Showing posts with label students. Show all posts
Showing posts with label students. Show all posts

Thursday, September 11, 2008

The night of Kir = White wine and a town called Cassis

We take a train to Cassis and search for a hostel for three hours, having walked sweaty from the station. We ask a boy about our youth hostel; he leads us to the town square and confidently points out a block of light atop a dark and depressing concrete building.
"C'est la." He disappears down a narrow medieval alley, and we climb the rusting iron railings that form a skeleton staircase in the darkness and walk towards the bright light at the top. There's golden music coming from the doorway, it feels like we're hallucinating heaven...

Then we peer in and it's not a hostel at all; there are a load of old people sitting on school chairs in a circle, singing in harmony. Oh fuck. This is intensely strange... an old lady comes out to tell us that we have reached the Cultural Centre of Cassis. So this is not our youth hostel. We quaff cheap wine until the situation doesn't seem so bad. Everywhere is full, apart from a hotel offering one room for three people at 96 euros... three people take it, the rest of us agree to sleep on the beach.

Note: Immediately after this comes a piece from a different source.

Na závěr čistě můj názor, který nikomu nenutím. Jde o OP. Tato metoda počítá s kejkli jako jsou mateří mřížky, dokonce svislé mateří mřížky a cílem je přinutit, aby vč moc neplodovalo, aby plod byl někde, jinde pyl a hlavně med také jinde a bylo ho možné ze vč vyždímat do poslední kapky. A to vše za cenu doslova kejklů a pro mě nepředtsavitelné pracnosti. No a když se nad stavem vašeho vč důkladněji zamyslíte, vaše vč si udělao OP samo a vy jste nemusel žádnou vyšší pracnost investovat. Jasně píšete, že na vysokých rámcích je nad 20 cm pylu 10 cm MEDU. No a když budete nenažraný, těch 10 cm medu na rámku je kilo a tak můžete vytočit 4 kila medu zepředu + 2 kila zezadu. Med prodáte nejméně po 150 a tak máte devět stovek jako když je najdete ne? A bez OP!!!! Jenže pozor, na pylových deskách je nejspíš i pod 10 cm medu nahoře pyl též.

At the beach we watch the gendarmerie (armed police) patrol the sand, bored and curious about the three guys and a girl perched on the steps, chattering in English and playing cards. Our night is peculiarly peopled: some pretty French women donate us a bottle of wine they don't want, a curious old guy asks us if we are cold while his wife urges him away, muttering "don't talk to those tramps," and the strange boy with a light strapped to his head slopes along the coast for hours in the dark, combing the beach for some long forgotten relic.

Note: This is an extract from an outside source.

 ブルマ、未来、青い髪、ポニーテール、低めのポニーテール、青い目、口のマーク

4AM: We migrate to the town square. Neils is asleep astride a low wall, Henry is insomniac and wide-eyed, Ipod tucked into his ears. Tom is asleep on the bench, curled up under a couple of towels. It never gets dark exactly, the streetlamps sweat out silver light all night as we sit and make small talk and slip into sleep for one brief hour...
Then morning comes and we have done it: we have slept rough. We slowly evolve from vagrants into civilised tourists, transformed by coffee and pain au chocolat, ready to face the day.

Saturday, August 9, 2008

the morning after the night before

Eight students on the table in front of me. They have been at a Cambridge may ball, made it to the survivors' photo at 6am and are now having breakfast with smudged makeup and ballgowns crumpled from the all night vigil.
One, a girl- or is she a woman? - is wearing something between a ballgown and a gold-sequined mermaid outfit from a fancy dress box. She is playing at fashion, aiming for a cross between nobility and Amy Winehouse.
Her eye makeup is exquisite; golden pearls of shimmer punctuate her eyelids. Shadows sweep across her lids alluringly. Her earrings dangle regally; they are grown up earrings that one might wear to the opera, and are a counterpoint to the crass conversation:
"Callum said I chose my earrings to match the way his bollocks dangle."
Hysterical laughter fills the air like champagne bubbles. She moves slightly, smugly, but her bosom does not move. It is tucked tightly into a sequined bustier, pressed into two breast-clusters, two glittering galaxies. Her tinted black nails betray her adolescence, scratched to imperfection.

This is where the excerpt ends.